### SOURCE DATA
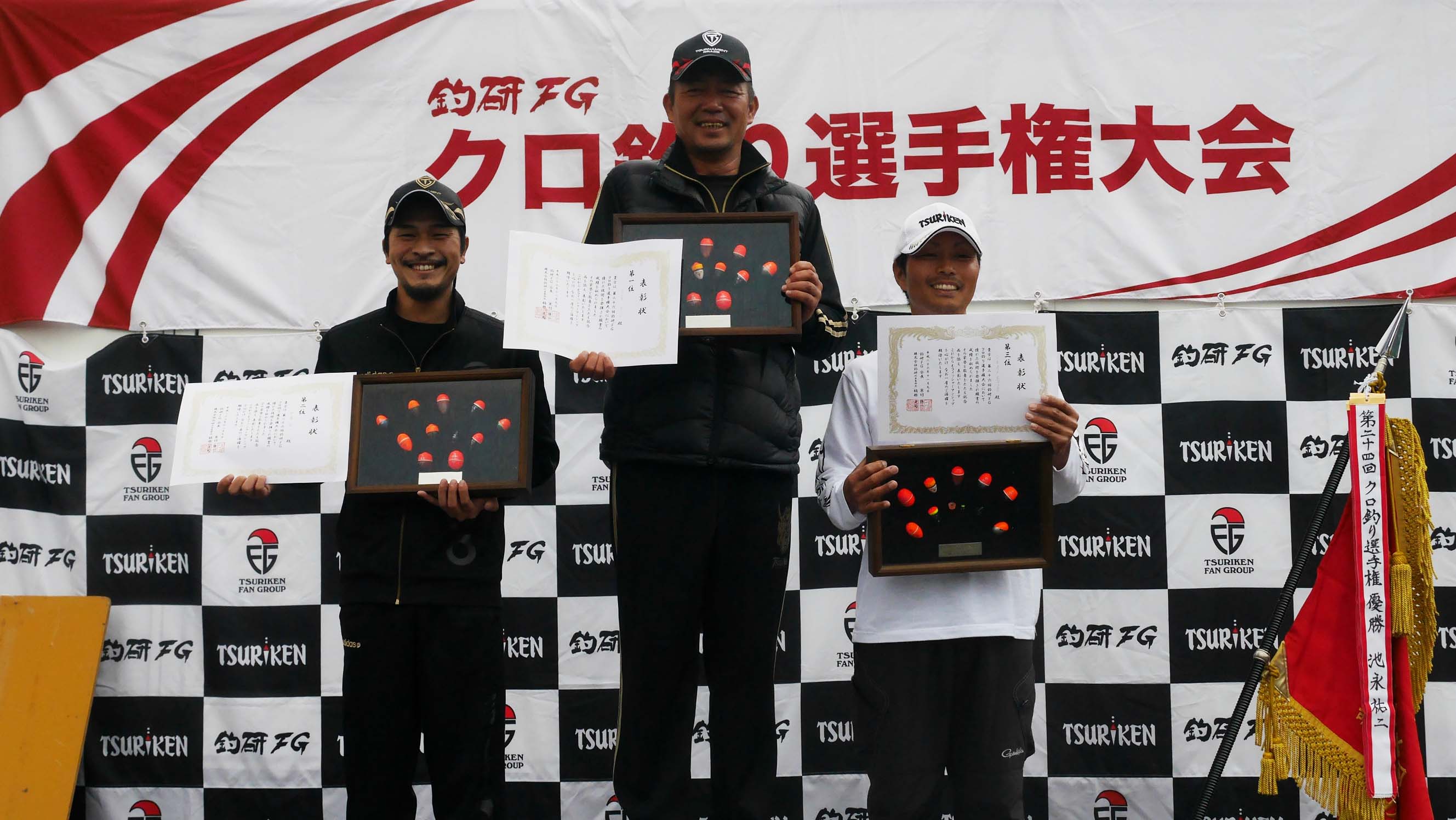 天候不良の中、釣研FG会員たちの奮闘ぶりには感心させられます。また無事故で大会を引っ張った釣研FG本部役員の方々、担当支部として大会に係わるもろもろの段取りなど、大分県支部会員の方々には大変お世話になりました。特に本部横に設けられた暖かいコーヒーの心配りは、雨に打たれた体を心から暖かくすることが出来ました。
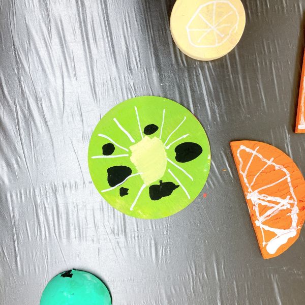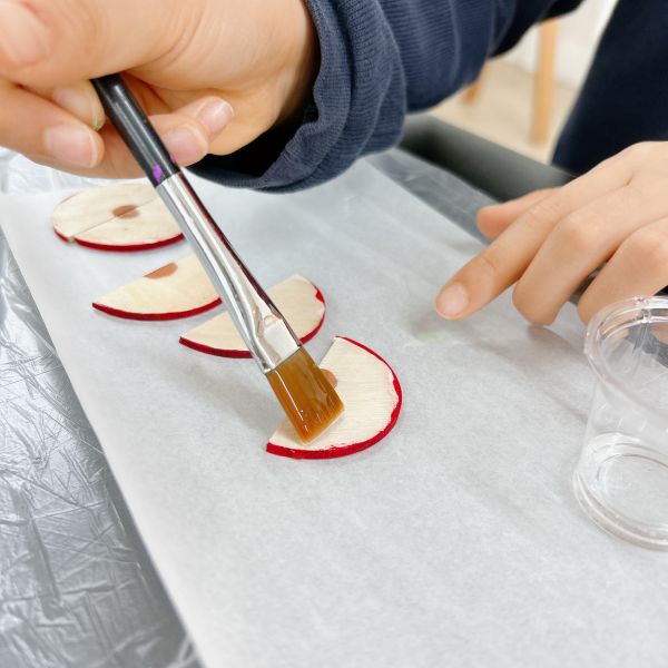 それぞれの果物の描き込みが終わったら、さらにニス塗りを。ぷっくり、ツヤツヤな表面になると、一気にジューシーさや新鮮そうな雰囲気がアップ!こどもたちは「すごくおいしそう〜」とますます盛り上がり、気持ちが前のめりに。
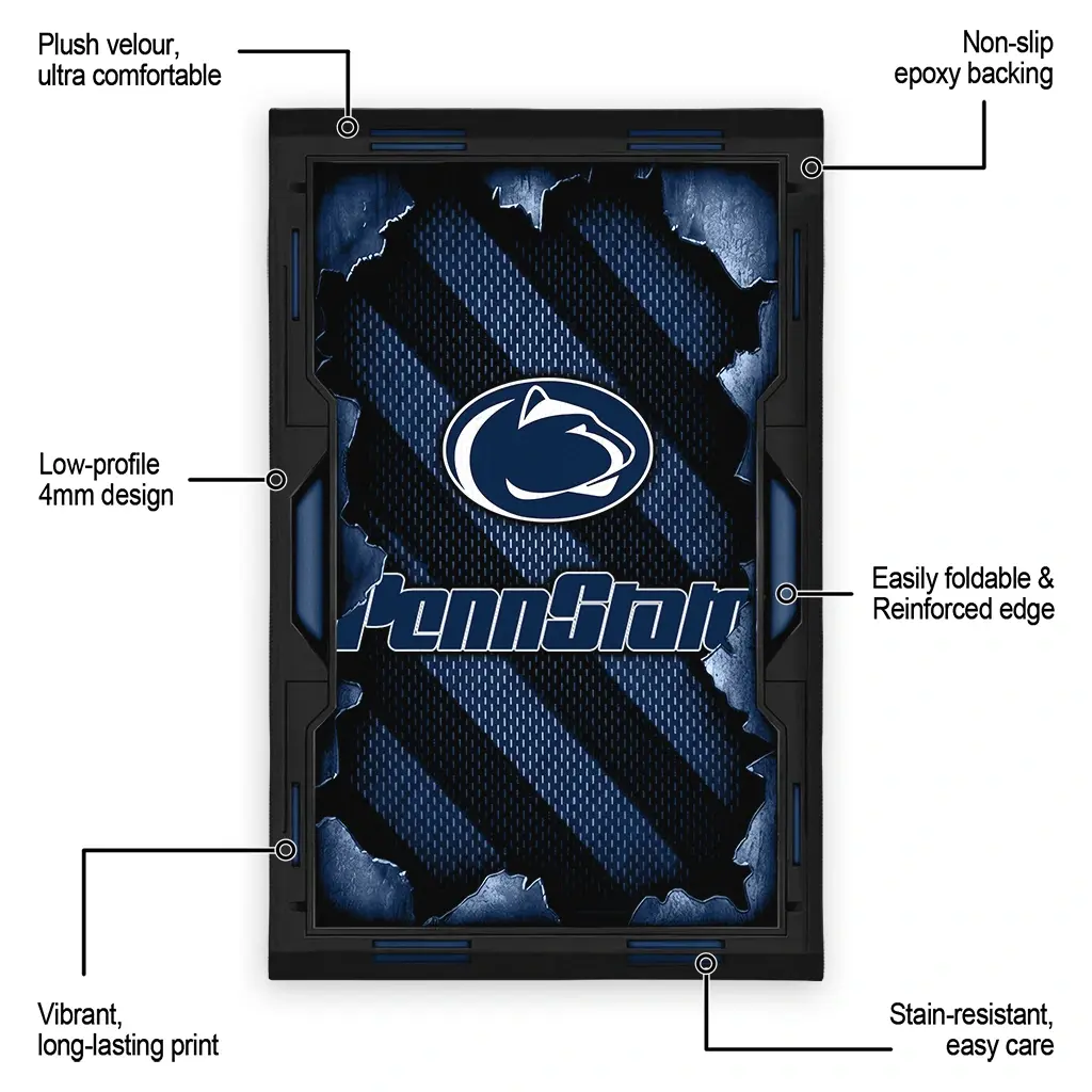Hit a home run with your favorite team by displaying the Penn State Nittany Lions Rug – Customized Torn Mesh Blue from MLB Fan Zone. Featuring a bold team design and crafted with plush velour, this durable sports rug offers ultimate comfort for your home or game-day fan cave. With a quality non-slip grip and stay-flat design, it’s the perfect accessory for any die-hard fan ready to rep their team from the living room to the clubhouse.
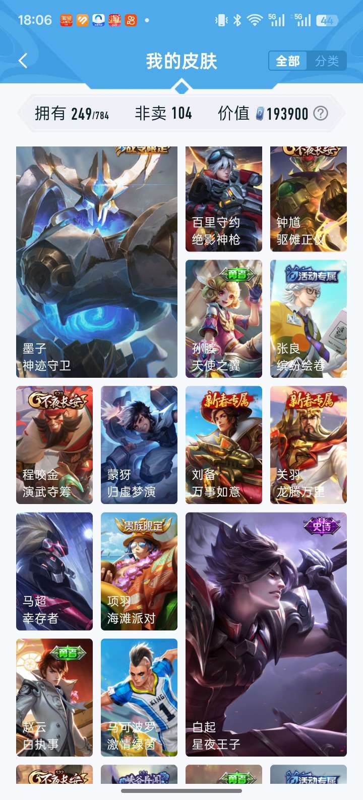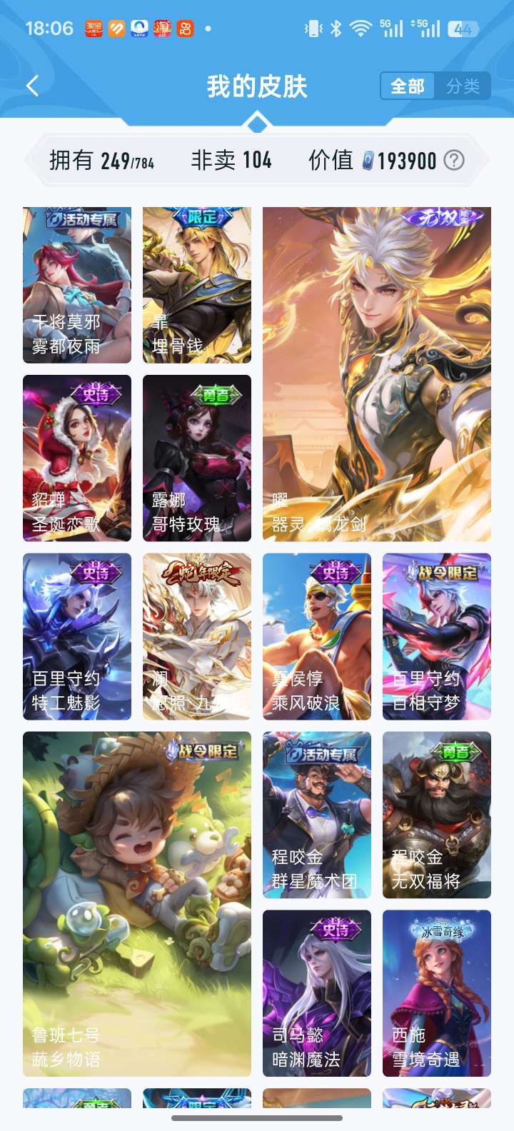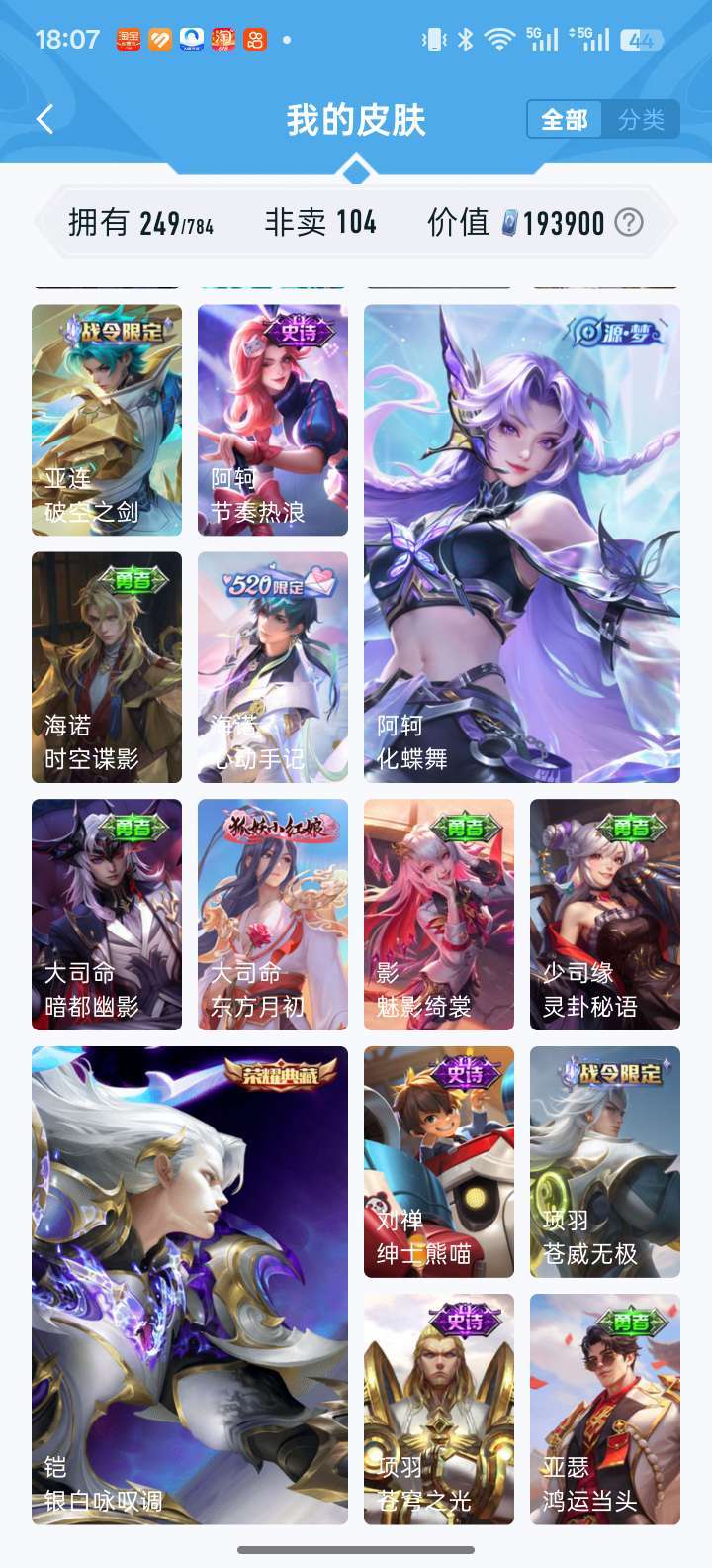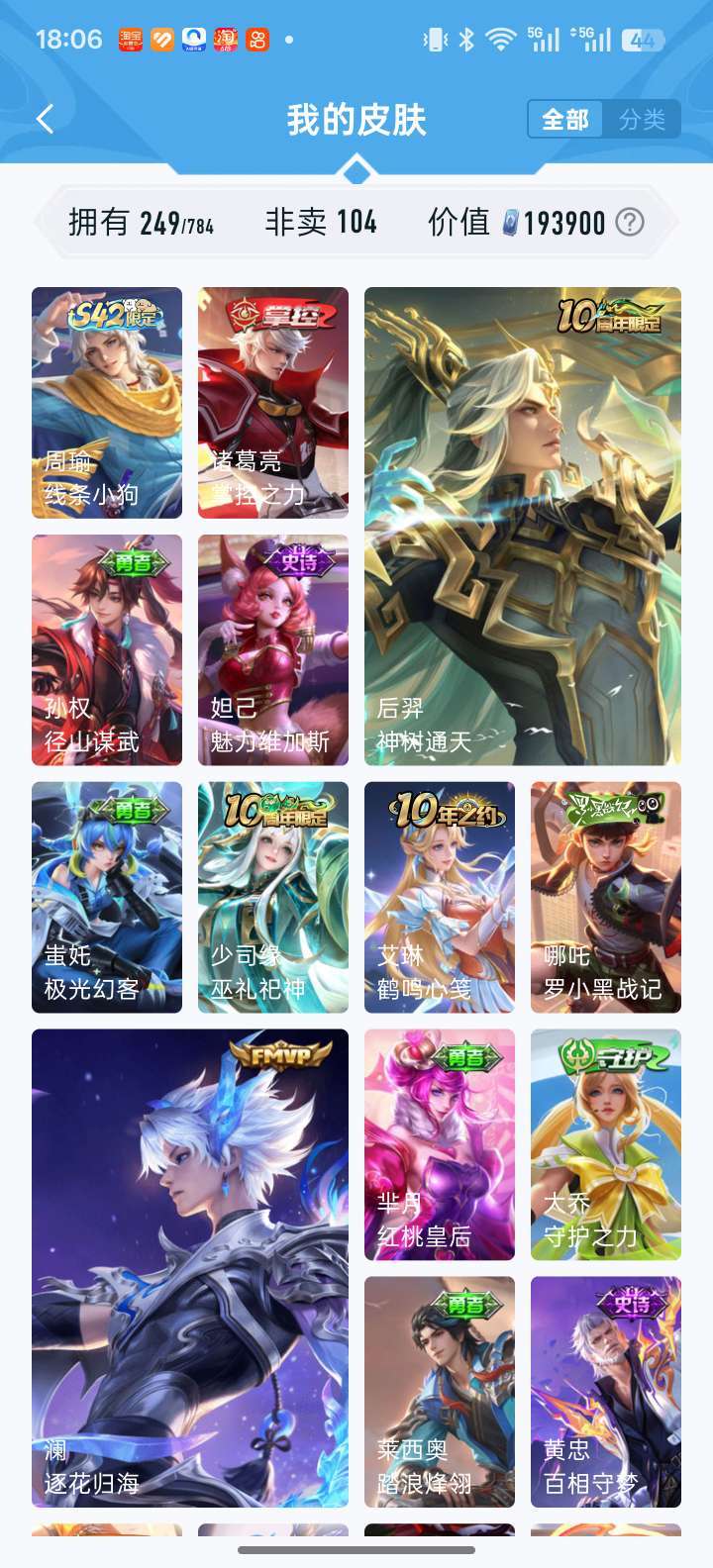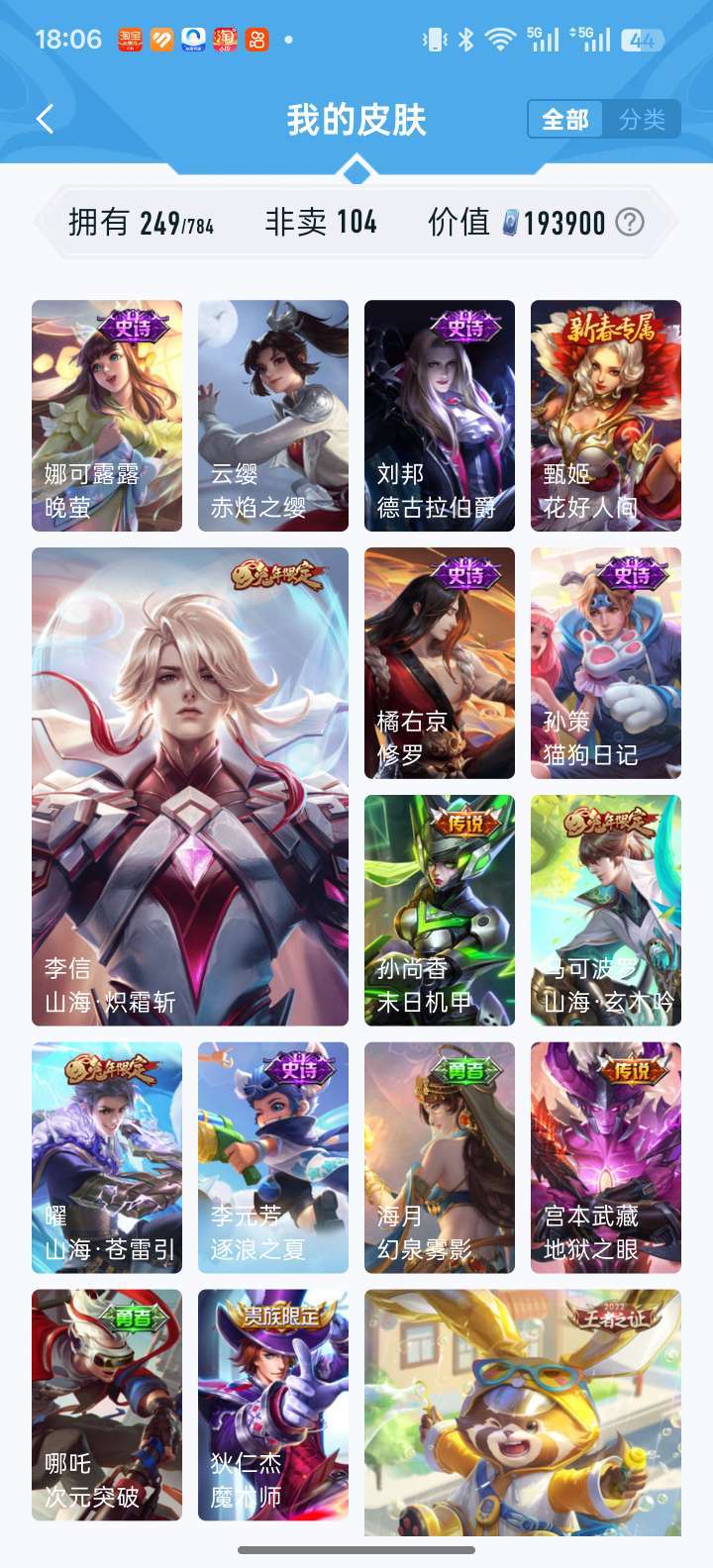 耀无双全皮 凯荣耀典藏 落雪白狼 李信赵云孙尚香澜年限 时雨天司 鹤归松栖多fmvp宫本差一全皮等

### TASK GOAL
Without any pictures, please write out the lines from the one containing "それぞれの果物の描き込みが終" through the final line of the data, exactly and inclusive of both ends.

### OUTPUT OF THE TASK
 それぞれの果物の描き込みが終わったら、さらにニス塗りを。ぷっくり、ツヤツヤな表面になると、一気にジューシーさや新鮮そうな雰囲気がアップ!こどもたちは「すごくおいしそう〜」とますます盛り上がり、気持ちが前のめりに。
Hit a home run with your favorite team by displaying the Penn State Nittany Lions Rug – Customized Torn Mesh Blue from MLB Fan Zone. Featuring a bold team design and crafted with plush velour, this durable sports rug offers ultimate comfort for your home or game-day fan cave. With a quality non-slip grip and stay-flat design, it’s the perfect accessory for any die-hard fan ready to rep their team from the living room to the clubhouse.
 耀无双全皮 凯荣耀典藏 落雪白狼 李信赵云孙尚香澜年限 时雨天司 鹤归松栖多fmvp宫本差一全皮等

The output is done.